Признаки внешности, определяемые избыточностью (рослый и ражий) и недостаточностью (рожа бритая), наличием зооморфных черт (ус кошачий) (см.: [Виноградова 2005, 19]), характерный и узнаваемый костюм (кафтанишка куцый, немецкий), употребление табака, признаваемого «нечистой» травой, и использование трубки <Ср. «часто встречающиеся в быличках курящих трубки чертей» [Белова 2012, 223]>, а также способность парализовать человека указывают на злого духа, не заслуживающего того, чтобы с ним браниться: «И плюнуть-то на него не стоит. Ведь это мне только сон, греза нечистая попущением Божиим мерещится. Дуну — и сгинет, расыплется» [4, 96]. Когда же вошедший объявил себя царем и назвал свое имя Петр, тогда царица, отождествив его с сатаной, сотворила в уме заклятие: «Дую на тебя и плюю!» [4, 96]. После чего нечистый дух сгинул, а она, проснувшись, уразумела, что носитель имени Петр есть «антихрист» [4, 96]. Местоимение он служит таким образом оберегом не просто от нечистой силы, но от воплотившегося в Петре антихриста.

Алексей, которому царица пересказывает свой сон, быстро сообразил, что это «бред сумасшедшей» и «что приходил к ней отец не во сне, а наяву» [4, 96]. Бредовый нарратив о ложном царе свидетельствует о психической болезни Марфы Матвеевны; ей, как это обычно и бывает в случае «расстроенности психики», затруднительно «отличить сон от яви» [Михайлова 2002, 320]. Однако бред, как остро чувствует Алексей, «передается ему, заражает его», заставляя внимать рассказу «с жадным и жутким любопытством» [4, 96]. Последствия этого заражения прослеживаются в дальнейшем повествовании, когда очевидными станут значимые для истории царевича трудности различения им как сновидческих и реальных событий, так Петра и его демонического двойника. И Петр, и заложенный им город обнаруживают общую для них склонность к оборотничеству; на них действительно, как подметил Тихон, одна печать, что подтверждает и реакция царицы, чье безумие обостряет и по-своему выражает ее мистическую интуицию.

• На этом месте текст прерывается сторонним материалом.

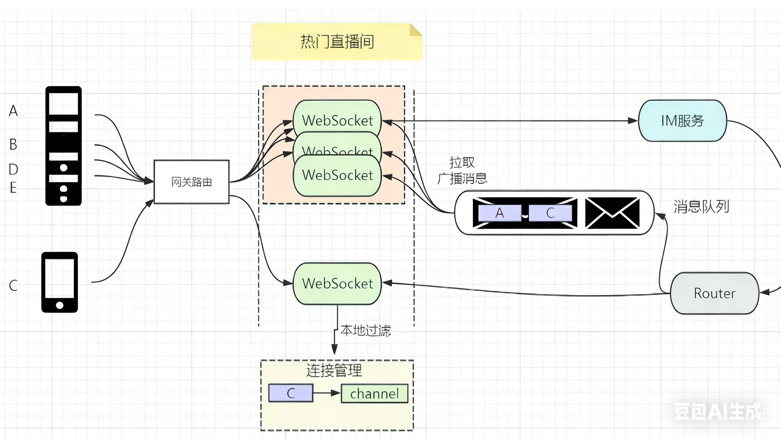- 路由 :由于用户连接在不同的 WebSocket 上,需要 Router 服务 推送到 B 和 C 所在的不同 WebSocket。

Черты нечеловека распознает в облике Петра и фрейлина Арнгейм, описывающая в своем дневнике пир на корабле: лицо царя было «страшнее всех» казавшихся ей «какими-то звериными мордами» лиц его приближенных, «лицо огромной хищной кошки или тигра» [4, 116—117]. Резко выраженное зооморфное начало выделяет Петра, как фиксирует сторонний взгляд наблюдательной фрейлины, даже из его зооподобного окружения, подчеркивая присущие ему качества природного хищника, не имеющие вместе с тем ярко выраженной демонической окраски.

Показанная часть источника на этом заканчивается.